🤖 AI Summary
This work addresses unsupervised video instance segmentation (UVIS). We propose a three-stage self-supervised framework: (1) fusing image and optical flow features to construct a pixel-wise affinity graph for generating initial pseudo-instance masks; (2) enforcing temporal consistency across frames via optical-flow-guided dynamic mask matching to form high-quality short video clips; and (3) performing pseudo-label distillation and end-to-end model training on YouTubeVIS-2021. To our knowledge, this is the first large-scale pseudo-label video dataset specifically designed for UVIS. Our key innovations lie in optical-flow-guided feature affinity modeling and cross-frame mask temporal matching.

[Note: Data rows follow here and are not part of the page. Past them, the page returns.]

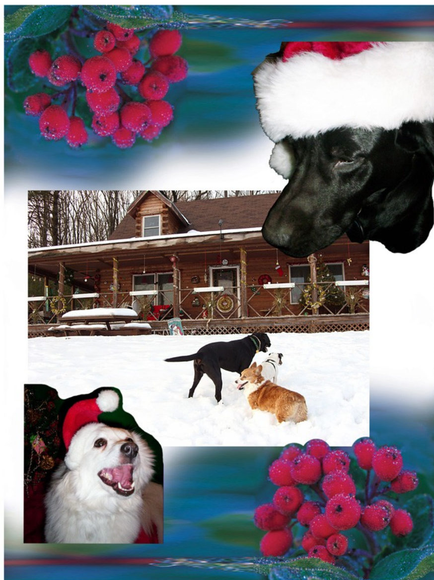
Snowy and Ravy wear Christmas hats. Santa would be proud!

And that's not all. For starters, all four will probably want to explore their newly covered surroundings. They usually like to wander about seeking new scents and being ever alert to new sounds or sights. Perhaps this year they will spot a flock of wild turkey or maybe discover the hidden secret place where a buck has been? And if they get a bit thirsty from all the up and down snow-covered hill climbing-no problem! There is water everywhere. Frozen water that is.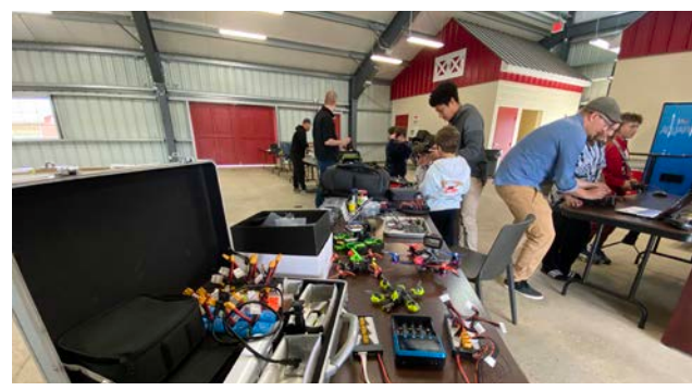
Drone Basics class

Music Theatre, STEAM, First Aid for Kids, Safe at Home, Jr. High Drawing, Cooking classes, Candle Creations, Adult CPR and First Aid, Rules of the Road for Seniors.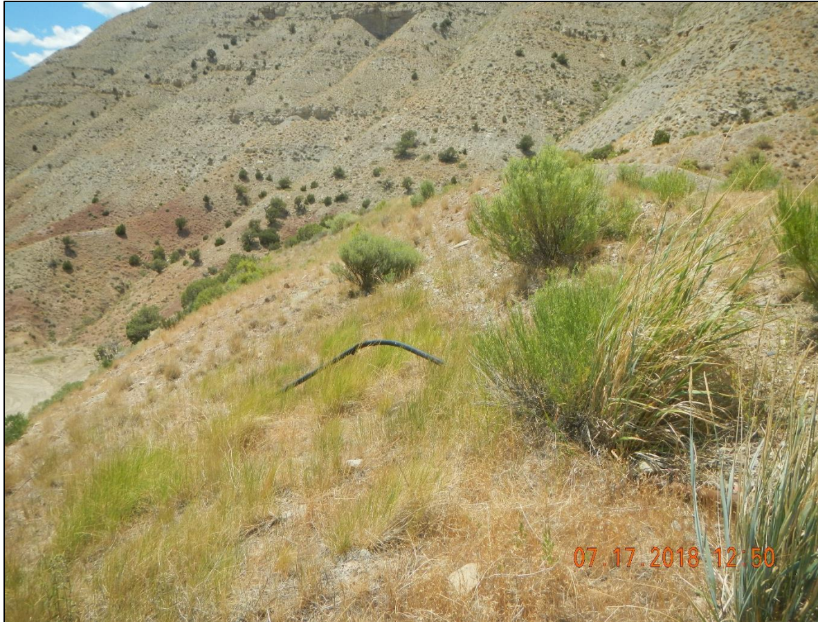
Tubing off the edge of location. 39.48637 -108.04253

DOE PM 2-31 Api# 05-045-07036 Inspection # 689701621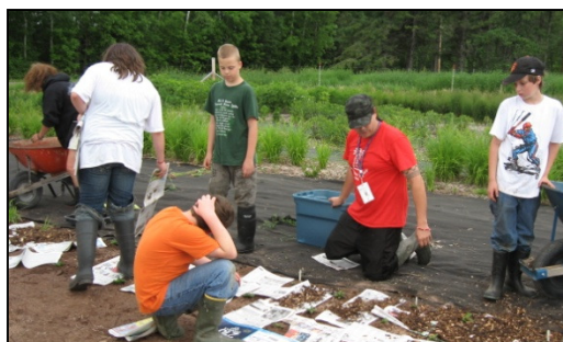
Figure 3. National Public Lands Day Volunteers weed orchard Sept. 24, 2011.

Figures 1-2. Students and UW-Extension Certified Master Gardeners planted over 1,000 native plants in 2011.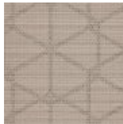
AZ52890 DJ TAUPE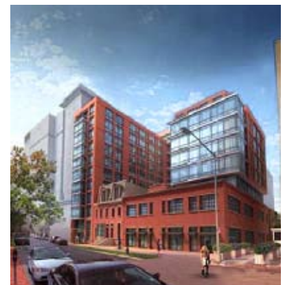
The Eye Street Lofts will incorporate three historic buildings

The project will now move into the design phase. Walnut Street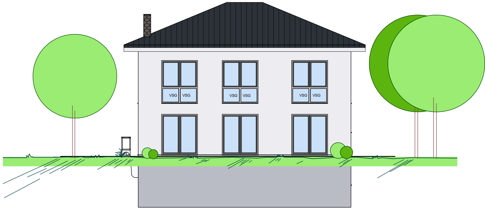
Ansicht 1 23.01.2020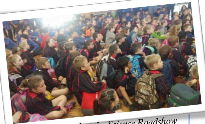
Fully focused at the Science Roadshow

Extensive experiments demonstrate state-of-the-art performance on YouTubeVIS-2019/2021, DAVIS-2017, and DAVIS-2017 Motion benchmarks.
📝 Abstract
We propose FlowCut, a simple and capable method for unsupervised video instance segmentation consisting of a three-stage framework to construct a high-quality video dataset with pseudo labels. To our knowledge, our work is the first attempt to curate a video dataset with pseudo-labels for unsupervised video instance segmentation. In the first stage, we generate pseudo-instance masks by exploiting the affinities of features from both images and optical flows. In the second stage, we construct short video segments containing high-quality, consistent pseudo-instance masks by temporally matching them across the frames. In the third stage, we use the YouTubeVIS-2021 video dataset to extract our training instance segmentation set, and then train a video segmentation model. FlowCut achieves state-of-the-art performance on the YouTubeVIS-2019, YouTubeVIS-2021, DAVIS-2017, and DAVIS-2017 Motion benchmarks.